Task to carry out:
The full listing, returned exactly and free of pictures, is the expected answer.

Source material:
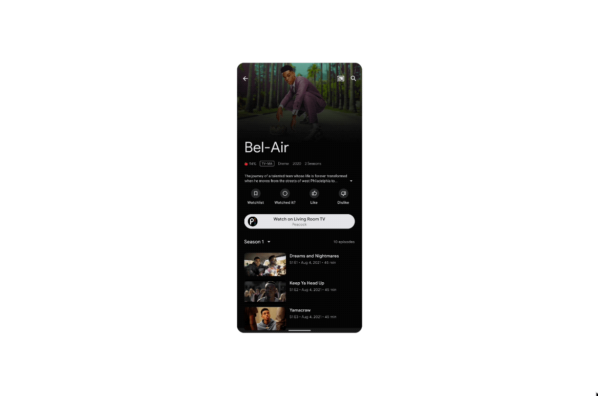 The company didn’t provide additional details about its plans to add support for casting to the app, saying those would come closer to launch. But in a photo Google provided, it showed at least one of the supported apps is NBCU’s Peacock.
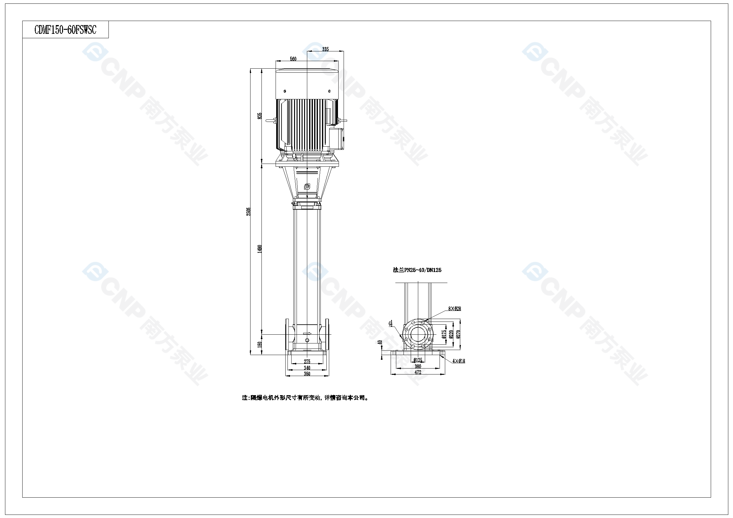 需要南方泵CDM150-6外形CAD文件 请加销售人员微信索取
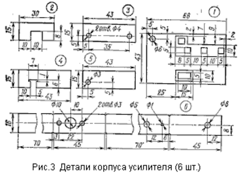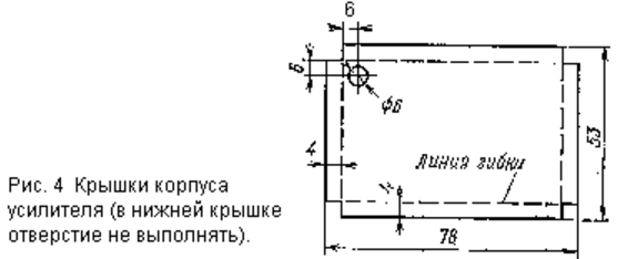 В усилителе использованы конденсаторы С4, С8 типа КМ-5, остальные КД-1, КД-2. Проходной конденсатор С7 - К.10-51; подстроечный конденсатор С10 - КТ4-23. Все резисторы в усилителе - МЛТ-0,125. Усилитель собран в металлическом прямоугольном корпусе с размерами 70х45х15 мм. Корпус сверху и снизу закрыт легкосъемными крышками, которые после окончательной настройки припаивают к корпусу. Детали конструкции усилителя выполнены из луженой меди толщиной 0,5 мм; может быть использована также листовая латунь или жесть (рис. 3, 4). Основой усилителя является печатная плата 1, выполненная из одностороннего фольгированного стеклотекстолита толщиной 1,5 мм, к которой припаяны остальные детали конструкции. В случае использования двустороннего стеклотекстолита фольга с обратной стороны платы удаляется. Фольгу с участков платы, обозначенных на рисунке штриховыми линиями, необходимо перед сборкой удалить. Удаление фольги может быть осуществлено как механическим путем, так и травлением. На рис. 2 показано размещение в корпусе элементов усилителя, которые следует устанавливать на место только после окончательной сборки корпуса. Для обеспечения минимальной паразитной емкости монтажа элементы в корпусе устанавливают, максимально укорачивая длину их выводов; при пайке элементов необходимо использовать теплоотвод. Вход усилителя припаивают к антенному гнезду, которое при помощи двух винтов с гайками крепится к боковой стенке корпуса (деталь 6 на рис. 3). К выходу усилителя припаивают снабженный унифицированным антенным штекером отрезок телевизионного кабеля с волновым сопротивлением 75 Ом длиной 0,7...1 м, при помощи которого соединяют выход усилителя с антенным входом телевизионного приемника. Настройка усилителя при правильном монтаже и использовании заведомо исправных деталей сводится к проверке режимов транзисторов VT1 и VT2 по постоянному току. Отклонение напряжений на выводах транзисторов от указанных на схеме (см. рис. 1) не должно превышать ± 5 %. С помощью конденсатора С 10 настраивают усилитель на один из телевизионных каналов метрового диапазона по максимальной контрастности и устойчивости изображения на экране телевизионного приемника. Затем растягиванием и сжатием витков катушек L1, L2 (для фильтра верхних частот первого каскада) и катушек L3, L4 (для фильтра верхних частот второго каскада) добиваются наиболее качественного изображения, подстраивая таким образом частоты среза фильтров верхних частот. При этом компенсируется возможный вследствие разброса параметров элементов и емкостей монтажа уход частоты среза обоих фильтров верхних частот. Окончательную настройку плавной подстройкой конденсатора С10 желательно проводить в собранном усилителе е припаянными верхней и нижней крышками При помощи контурной отвертки, выполненной из диэлектрического материала. Усилитель, как правило, располагается в непосредственной близости от телевизионного приемника. В случае, если длина телевизионного кабеля снижения превышает 15...20 м, для улучшения соотношения сигнал/ шум на входе телеприемника усилитель целесообразно расположить вблизи приемной антенны, приняв меры по его влаго- и теплоизоляции. При размещении усилителя на мачте наружной антенны для исключения вредного влияния на него атмосферы крышки корпуса, должны быть тщательно припаяны к корпусу по 
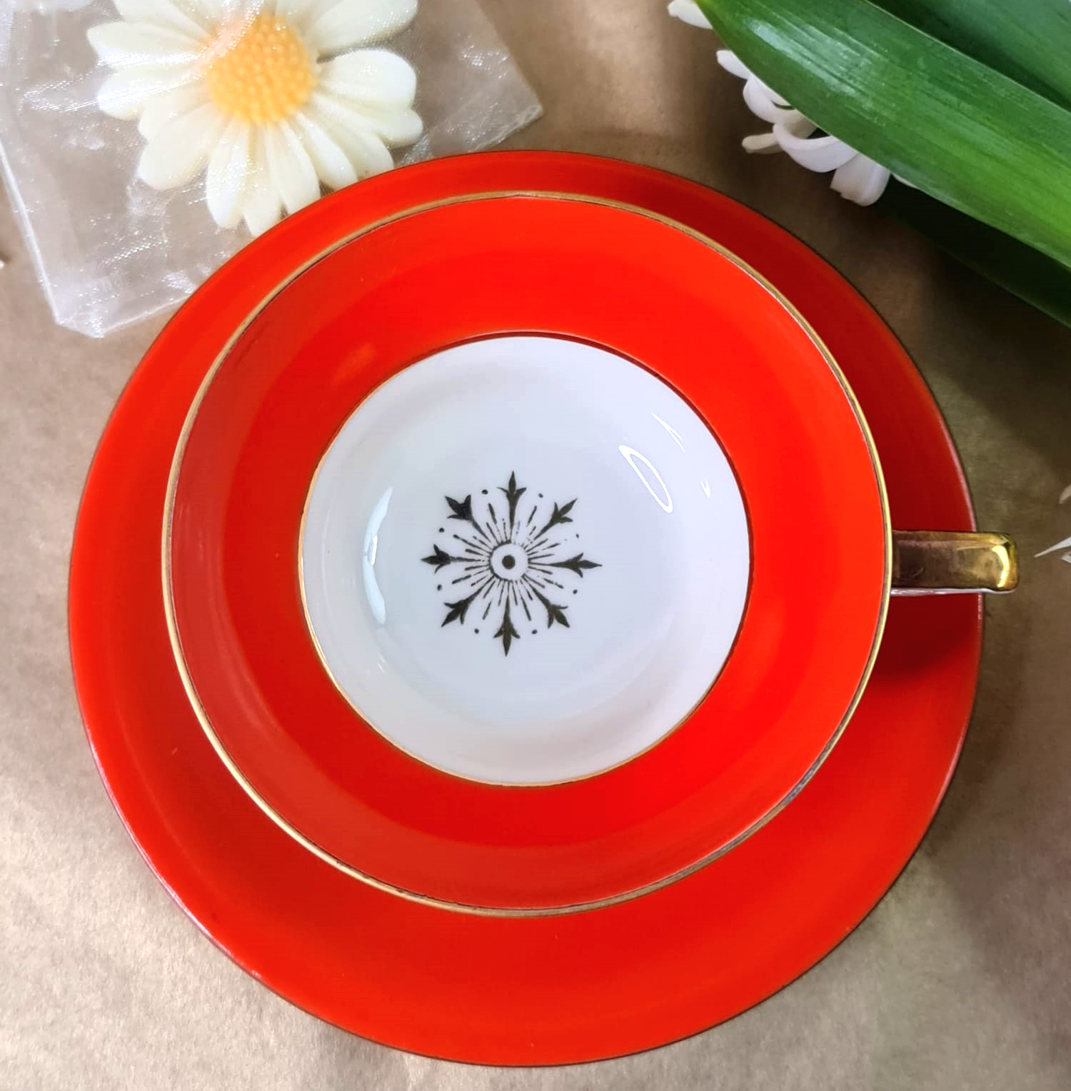 - O ceașcă de ceai, cu farfurie suport, din porțelan deosebit de fin și ușor, realizat manual, cu detalii aurite. Este un set marca Tuppack Tiefenfurt, Silezia, conform mărcii de identificare. În acea epocă, porțelanul fin era decorat cu aur, tocmai pentru a ridica valoarea pieselor și a le plasa în categoria superioară de lux. Porțelanul este fin ca mătasea, de culoarea untului, cu borduri late portocalii. Culorile sunt delimitate de linii aurii, baza ceștii, pe interior, fiind pictată cu un element stelar. Forma ceștii este de clopot, largă, cu baza pe patru piciorușe dantelate și marcate cu linii de aur. Toarta ceștii este deosebită, unghiulară, aurită pe partea superioară.

Result below:
 The company didn’t provide additional details about its plans to add support for casting to the app, saying those would come closer to launch. But in a photo Google provided, it showed at least one of the supported apps is NBCU’s Peacock.
 需要南方泵CDM150-6外形CAD文件 请加销售人员微信索取
 В усилителе использованы конденсаторы С4, С8 типа КМ-5, остальные КД-1, КД-2. Проходной конденсатор С7 - К.10-51; подстроечный конденсатор С10 - КТ4-23. Все резисторы в усилителе - МЛТ-0,125. Усилитель собран в металлическом прямоугольном корпусе с размерами 70х45х15 мм. Корпус сверху и снизу закрыт легкосъемными крышками, которые после окончательной настройки припаивают к корпусу. Детали конструкции усилителя выполнены из луженой меди толщиной 0,5 мм; может быть использована также листовая латунь или жесть (рис. 3, 4). Основой усилителя является печатная плата 1, выполненная из одностороннего фольгированного стеклотекстолита толщиной 1,5 мм, к которой припаяны остальные детали конструкции. В случае использования двустороннего стеклотекстолита фольга с обратной стороны платы удаляется. Фольгу с участков платы, обозначенных на рисунке штриховыми линиями, необходимо перед сборкой удалить. Удаление фольги может быть осуществлено как механическим путем, так и травлением. На рис. 2 показано размещение в корпусе элементов усилителя, которые следует устанавливать на место только после окончательной сборки корпуса. Для обеспечения минимальной паразитной емкости монтажа элементы в корпусе устанавливают, максимально укорачивая длину их выводов; при пайке элементов необходимо использовать теплоотвод. Вход усилителя припаивают к антенному гнезду, которое при помощи двух винтов с гайками крепится к боковой стенке корпуса (деталь 6 на рис. 3). К выходу усилителя припаивают снабженный унифицированным антенным штекером отрезок телевизионного кабеля с волновым сопротивлением 75 Ом длиной 0,7...1 м, при помощи которого соединяют выход усилителя с антенным входом телевизионного приемника. Настройка усилителя при правильном монтаже и использовании заведомо исправных деталей сводится к проверке режимов транзисторов VT1 и VT2 по постоянному току. Отклонение напряжений на выводах транзисторов от указанных на схеме (см. рис. 1) не должно превышать ± 5 %. С помощью конденсатора С 10 настраивают усилитель на один из телевизионных каналов метрового диапазона по максимальной контрастности и устойчивости изображения на экране телевизионного приемника. Затем растягиванием и сжатием витков катушек L1, L2 (для фильтра верхних частот первого каскада) и катушек L3, L4 (для фильтра верхних частот второго каскада) добиваются наиболее качественного изображения, подстраивая таким образом частоты среза фильтров верхних частот. При этом компенсируется возможный вследствие разброса параметров элементов и емкостей монтажа уход частоты среза обоих фильтров верхних частот. Окончательную настройку плавной подстройкой конденсатора С10 желательно проводить в собранном усилителе е припаянными верхней и нижней крышками При помощи контурной отвертки, выполненной из диэлектрического материала. Усилитель, как правило, располагается в непосредственной близости от телевизионного приемника. В случае, если длина телевизионного кабеля снижения превышает 15...20 м, для улучшения соотношения сигнал/ шум на входе телеприемника усилитель целесообразно расположить вблизи приемной антенны, приняв меры по его влаго- и теплоизоляции. При размещении усилителя на мачте наружной антенны для исключения вредного влияния на него атмосферы крышки корпуса, должны быть тщательно припаяны к корпусу по 
 - O ceașcă de ceai, cu farfurie suport, din porțelan deosebit de fin și ușor, realizat manual, cu detalii aurite. Este un set marca Tuppack Tiefenfurt, Silezia, conform mărcii de identificare. În acea epocă, porțelanul fin era decorat cu aur, tocmai pentru a ridica valoarea pieselor și a le plasa în categoria superioară de lux. Porțelanul este fin ca mătasea, de culoarea untului, cu borduri late portocalii. Culorile sunt delimitate de linii aurii, baza ceștii, pe interior, fiind pictată cu un element stelar. Forma ceștii este de clopot, largă, cu baza pe patru piciorușe dantelate și marcate cu linii de aur. Toarta ceștii este deosebită, unghiulară, aurită pe partea superioară.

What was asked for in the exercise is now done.